Sainsbury's Active Kids was a voucher scheme run by Sainsbury's. Nurseries, schools, Scout and Guide groups and Clubmark-accredited sports club could redeem vouchers for sports & cooking equipment and active experiences such as dance, martial arts and keep fit.

Started in 2005, with the option of collecting vouchers for sports equipment, it expanded over the years to include cooking equipment. Sainsbury's donated over £185 million worth of equipment across the UK.

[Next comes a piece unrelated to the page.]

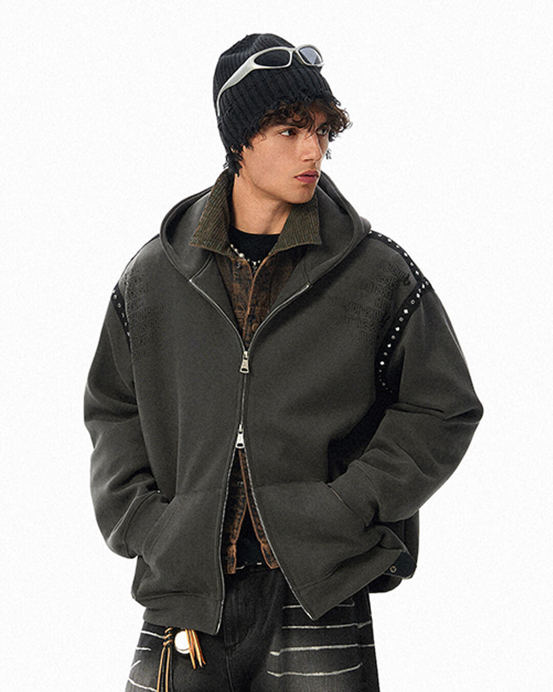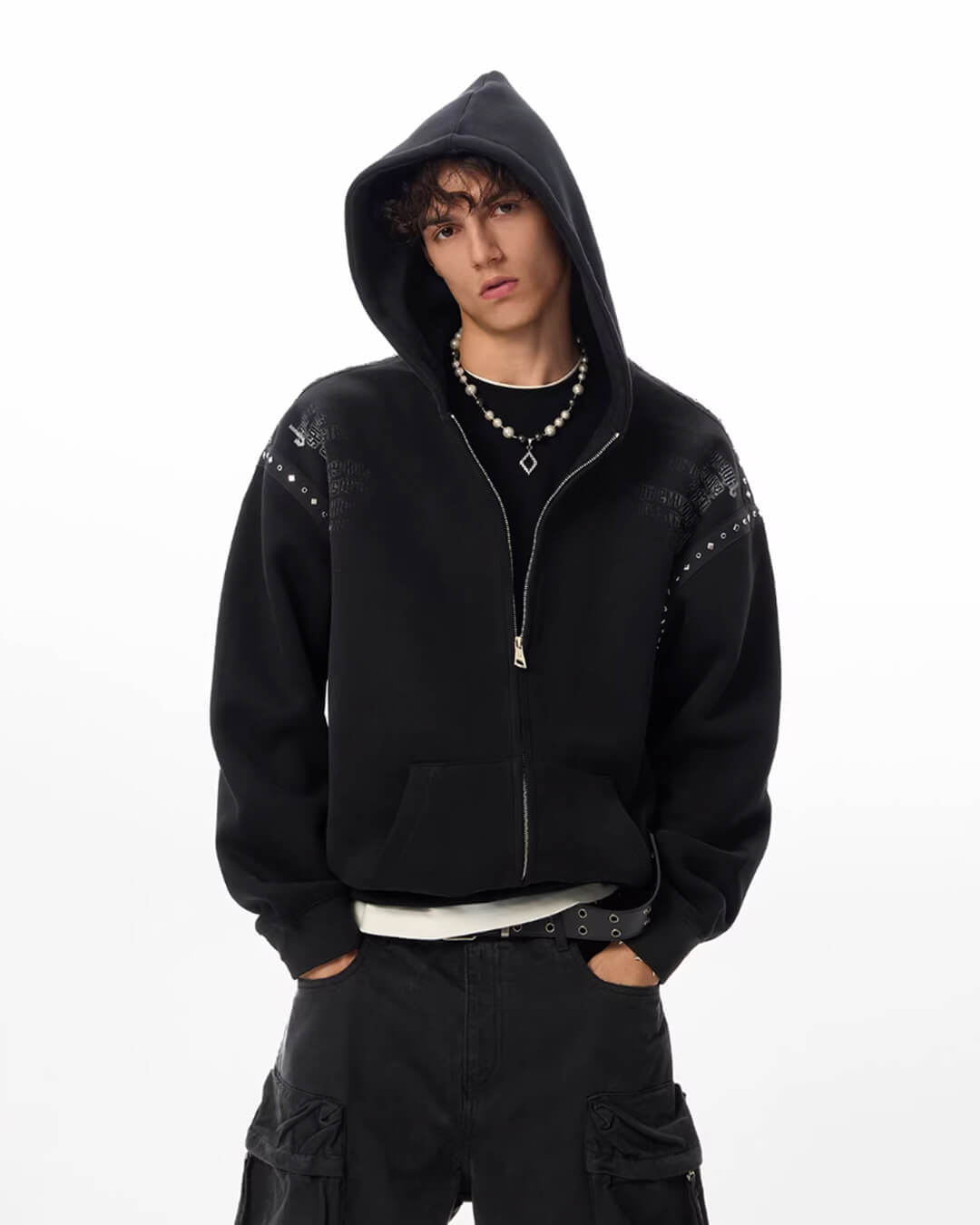 JHYQ Punk Style Studded Double Zipper Hoodie | Face 3 Face

In 2011, Sainsbury's introduced ambassadors to its Active Kids campaign to help increase participation starting with David Beckham. In 2014, it was announced that from 2015 Beckham would be replaced by footballer Daniel Sturridge.

David Beckham 2011–2014
Ellie Simmonds 2011–2017
Jonnie Peacock 2011–2017 
Daniel Sturridge 2015–2017
Lucy Bronze 2015–2017
Jonnie Peacock and Ellie Simmonds 2018-2019

The scheme was run annually, usually between the end of January and the beginning of May.

The voucher scheme ended in 2018 and was replaced with the Active Kids Holiday Clubs, offering daily summer holiday childcare 70 locations across the UK.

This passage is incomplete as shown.